Large temp files - cross join in recursive loop

I am struggling with a workflow creating large temp files which max out my space and stop the workflow.

I am running a recursive loop on name records read from a database. The loop consists of a cross join. Takes the first record and cross joins the rest of the table checking for matches.

The matches are determined via a rule engine which have 4 different result options. Then row splits between match and no match.

The no match column names are cleaned up and then sent back to the beginning of the loop to be cross joined with the next row.

This loop appears to be creating the large temp files when I step through the process and check the file size throughout.

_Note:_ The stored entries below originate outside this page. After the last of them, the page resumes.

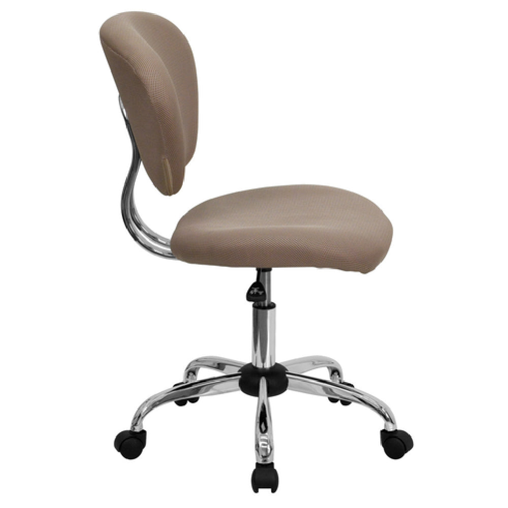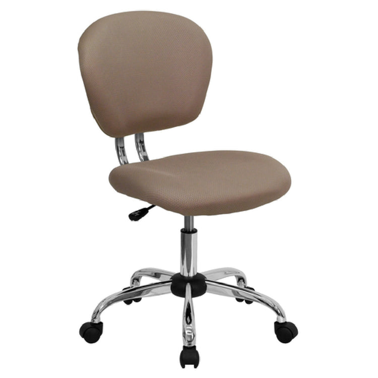 The Flash Furniture H-2376-F-COF-GG Swivel Task Chair is a versatile seating solution designed to accommodate various office and home environments. With an adjustable height ranging from 33-1/2 inches to 37-1/2 inches, this chair caters to users who require flexibility in their seating arrangements. It boasts a robust weight capacity of 250 lb., ensuring durability and reliability for a wide range of users. The chair features a mid-back design that provides adequate support for the upper and lower back, enhancing comfort during prolonged use. The padded mesh upholstered seat and back promote breathability, reducing heat buildup and increasing comfort. Notably, this model is designed without arms, offering an unobstructed workspace and ease of movement. Constructed with CA117 fire retardant foam, it prioritizes safety and compliance with fire safety standards. The heavy-duty chrome base enhances stability, while dual-wheel casters provide smooth mobility across various floor surfaces. Presented in a coffee brown finish, the chair requires assembly upon delivery. Its practical design and technical specifications make it suitable for different market segments, including corporate offices, home offices, and educational settings, where comfort and functionality are essential. In-stock items typically ship within 24 hours, ensuring prompt delivery and customer satisfaction.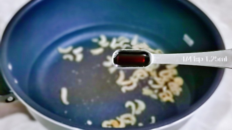 7. 锅中加入一小碗纯净水,再加入腌制好的虾米。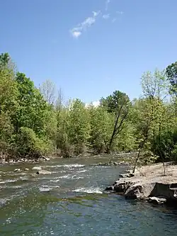 The La Chute River, also known as Ticonderoga Creek, is a short, fast-moving river, near the Vermont–New York border. It is now almost wholly contained within the municipality of Ticonderoga, New York, connecting the northern end and outlet of the 32-mile (51 km) long Lake George and the southern end of the 107-mile (172 km) long Lake Champlain[3] through many falls and rapids. The river drops about 230 feet (70 m) in its three and a half-mile (6 km) course, which is a larger drop than Niagara Falls (167 ft (52 m)).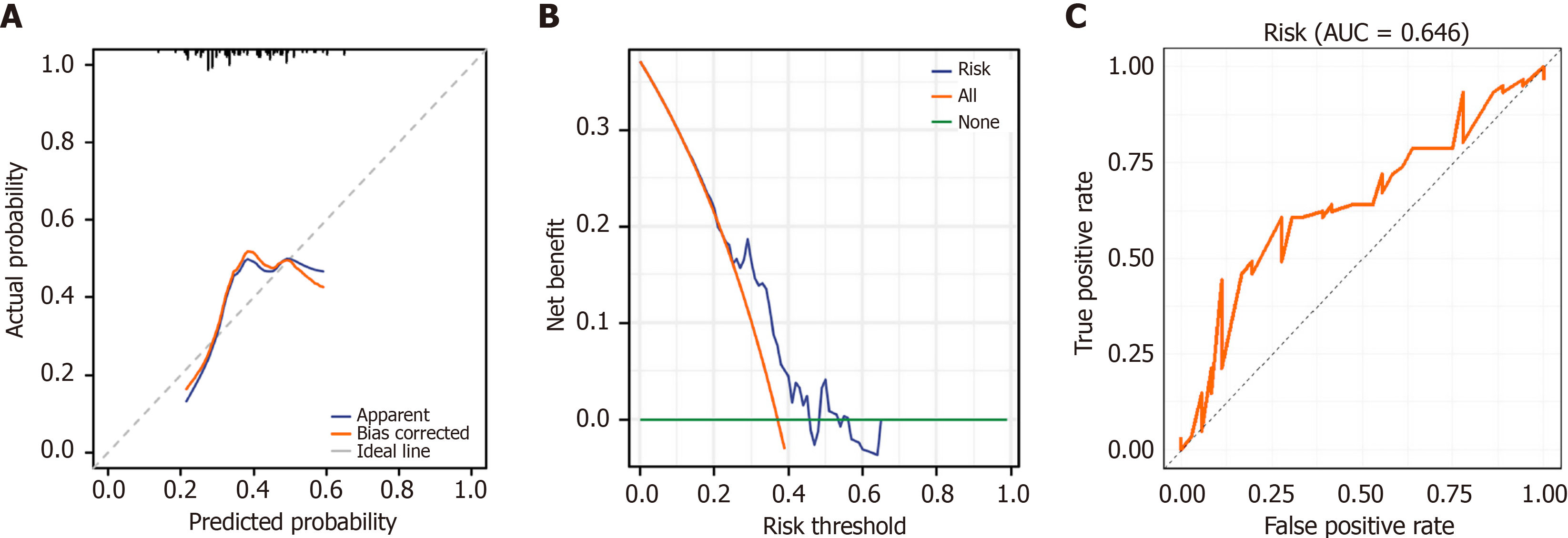 A: Calibration curves to assess the stability of the predictive model; B: Decision curve analysis model to assess the clinical benefit rate of the predictive model; C: Receiver operating characteristic curve to assess the predictive efficacy of the prediction model. AUC: Area under the curve.

About 10k loops resulted in about a 5GB temp file. I believe it run through about 40-50k when it maxed out my storage at about 200GB. If I reset the recursive loop start the files are gone.

Ideally I want to be able to run this over 360k rows. What is the cause of these large files and can I get around it?

All suggestions appreciated! Thanks!

Hallo @ksmith91,

Welcome to the KNIME Forum. :slight_smile:
I am not sure if I completely understood your workflow, but I think you don’t need a Cross Joiner. I was wondering if the String Matcher might solve your problem, so you could get rid of the Recursive Loop and the Cross Joiner. Here is small workflow snippet demonstrating the usage of the String Matcher node to do a Fuzzy Address Matching. I think this would optimise your workflow and decrease your temp file. Please let me know if this helps.
In case, I misunderstood your problem and the String Matcher didn’t help, could you maybe share a minimal example of your workflow. Then, I could have a closer look and maybe provide a better solution.

Kind regards,
Janina

1 Like

This topic was automatically closed 90 days after the last reply. New replies are no longer allowed.